## What this task involves
Begin at the line that has "A diverse assortment", stop after the line that has "소매의 배색 스트라이프가 레트로한 무드를 더해주는 티셔츠입니다.", and print exactly those lines from the records below, without any pictures.

## Provided records
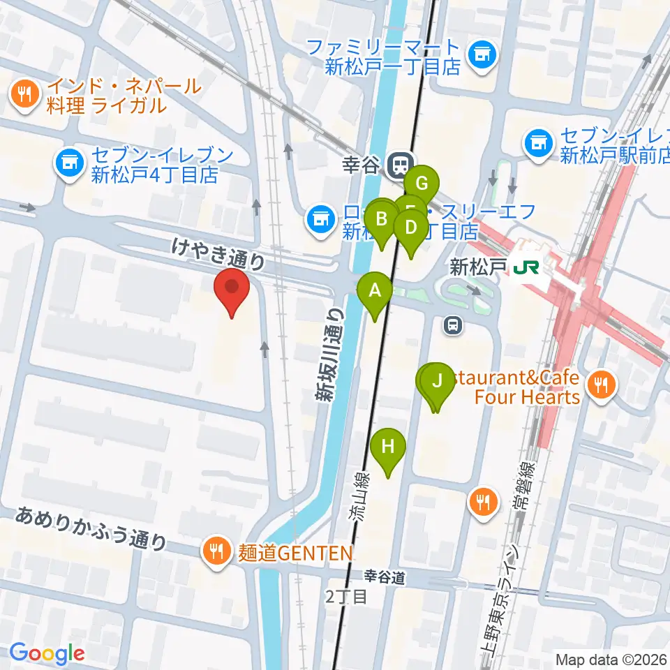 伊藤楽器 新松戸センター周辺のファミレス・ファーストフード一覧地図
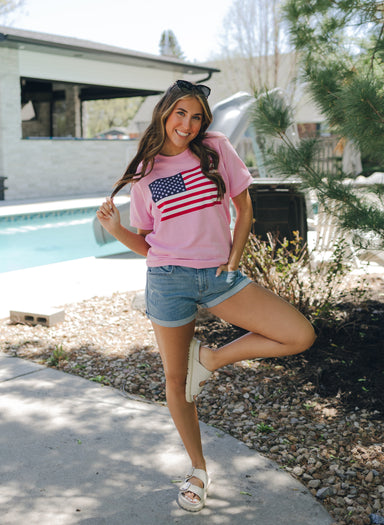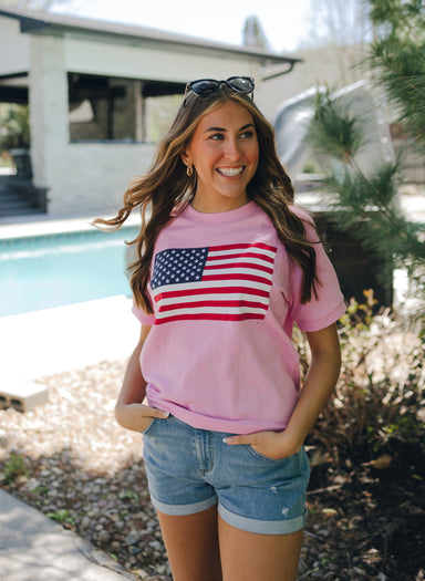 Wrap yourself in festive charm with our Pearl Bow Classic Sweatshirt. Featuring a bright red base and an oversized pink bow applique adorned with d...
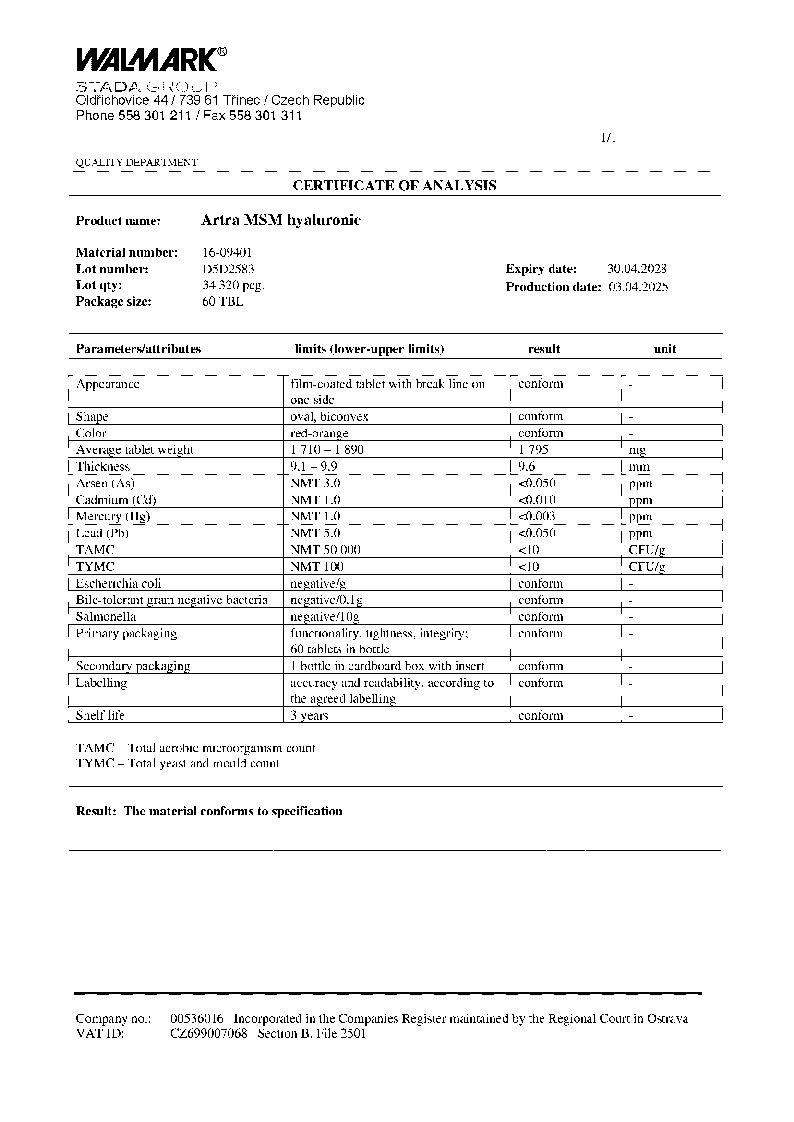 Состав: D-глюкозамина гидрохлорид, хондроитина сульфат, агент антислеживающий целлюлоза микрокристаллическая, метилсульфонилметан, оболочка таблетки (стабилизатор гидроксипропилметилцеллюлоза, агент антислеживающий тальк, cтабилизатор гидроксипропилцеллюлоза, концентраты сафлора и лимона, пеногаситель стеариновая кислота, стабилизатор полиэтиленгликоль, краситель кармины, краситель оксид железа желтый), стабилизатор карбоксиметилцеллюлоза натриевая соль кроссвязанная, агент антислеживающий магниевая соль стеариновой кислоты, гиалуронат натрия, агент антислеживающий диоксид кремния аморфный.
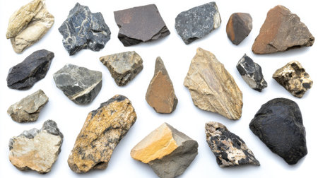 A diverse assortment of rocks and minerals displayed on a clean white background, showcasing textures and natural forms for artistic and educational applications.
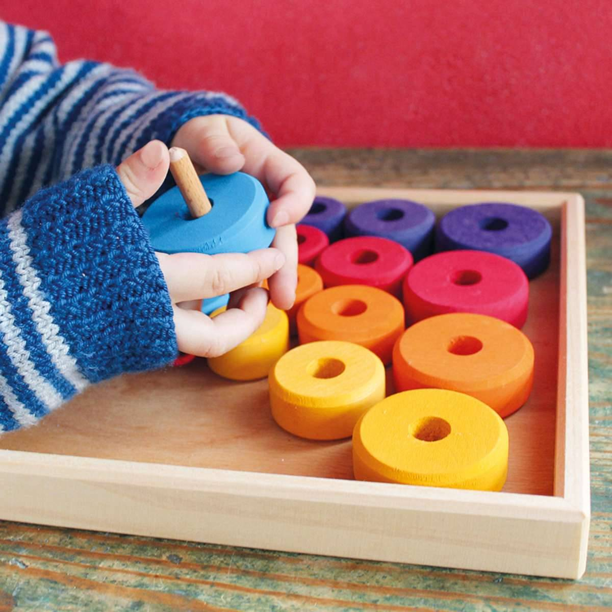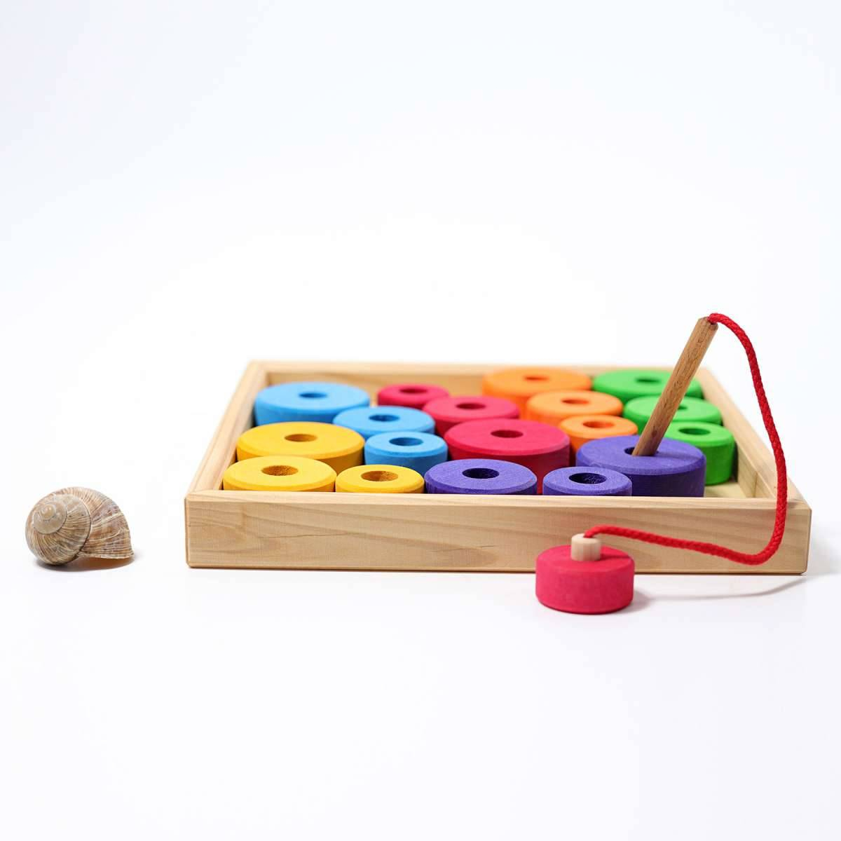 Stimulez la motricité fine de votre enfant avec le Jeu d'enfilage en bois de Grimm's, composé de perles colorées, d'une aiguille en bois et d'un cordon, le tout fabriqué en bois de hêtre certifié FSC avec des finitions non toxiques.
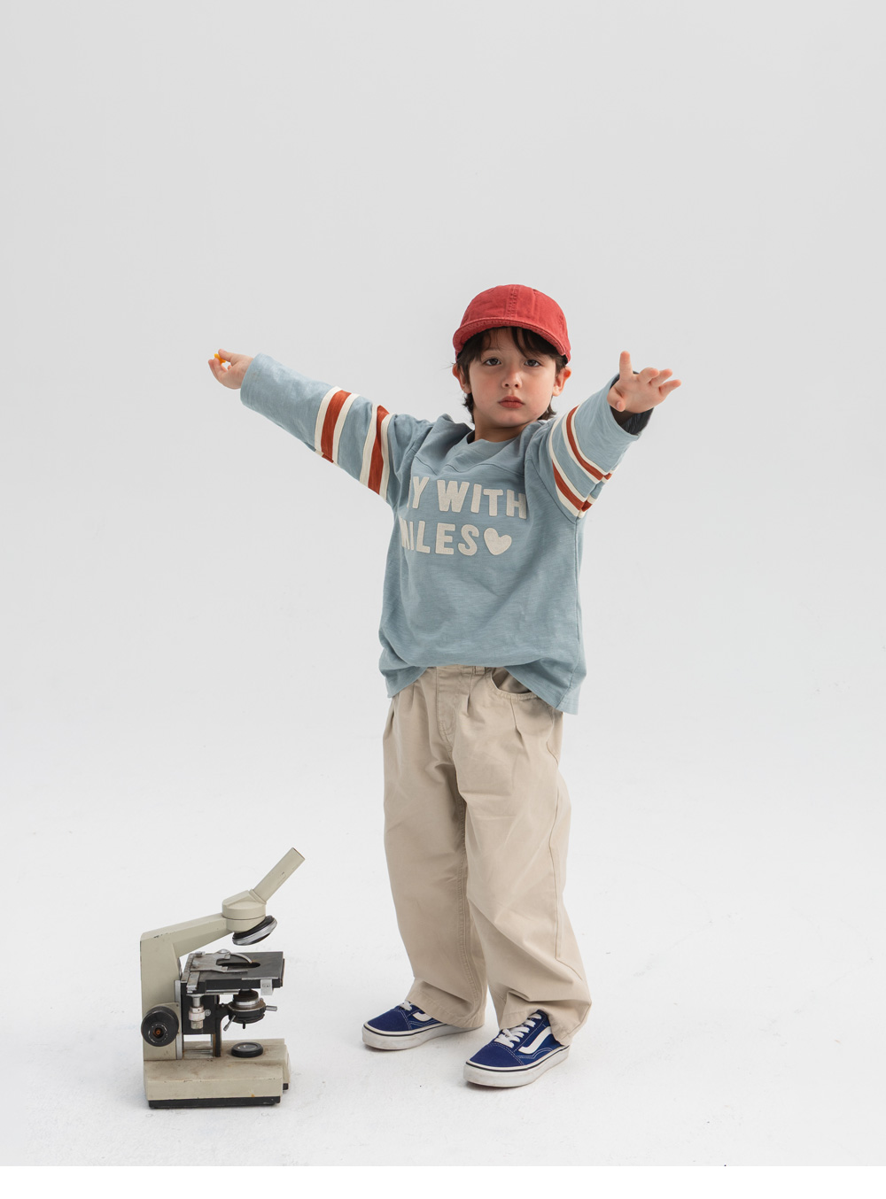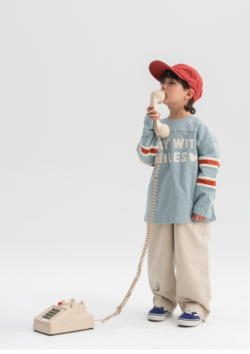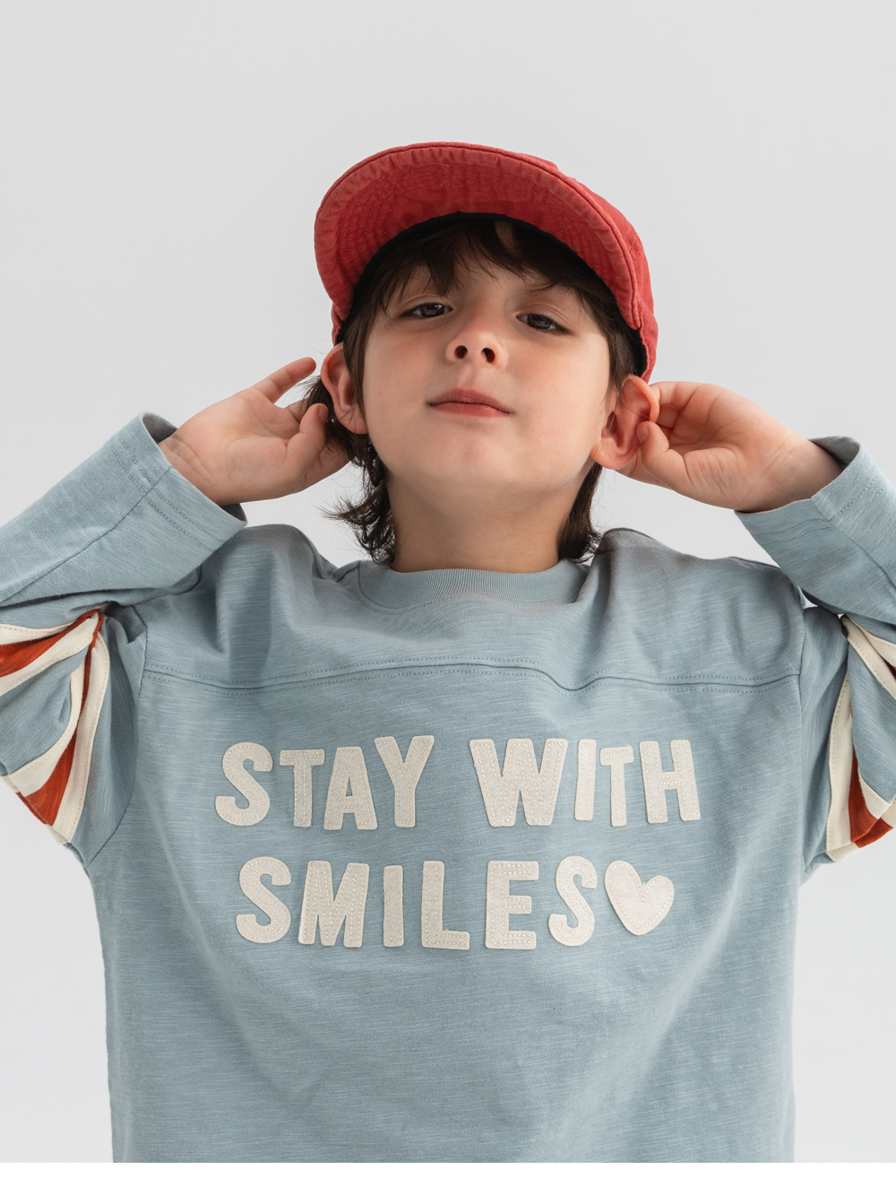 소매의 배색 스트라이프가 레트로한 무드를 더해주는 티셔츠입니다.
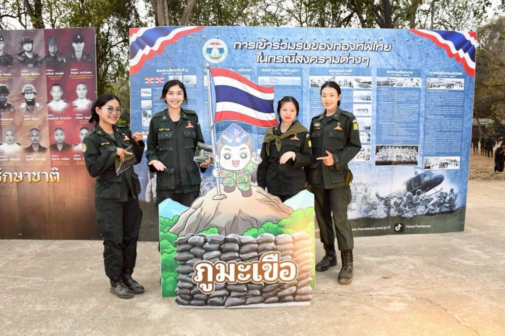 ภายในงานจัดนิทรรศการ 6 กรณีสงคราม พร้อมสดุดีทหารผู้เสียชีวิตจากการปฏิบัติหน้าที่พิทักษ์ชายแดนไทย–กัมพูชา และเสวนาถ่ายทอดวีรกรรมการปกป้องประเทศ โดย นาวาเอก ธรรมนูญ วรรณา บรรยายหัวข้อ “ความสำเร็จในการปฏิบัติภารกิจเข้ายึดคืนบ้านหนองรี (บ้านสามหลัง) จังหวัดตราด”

## Final answer
 A diverse assortment of rocks and minerals displayed on a clean white background, showcasing textures and natural forms for artistic and educational applications.
 Stimulez la motricité fine de votre enfant avec le Jeu d'enfilage en bois de Grimm's, composé de perles colorées, d'une aiguille en bois et d'un cordon, le tout fabriqué en bois de hêtre certifié FSC avec des finitions non toxiques.
 소매의 배색 스트라이프가 레트로한 무드를 더해주는 티셔츠입니다.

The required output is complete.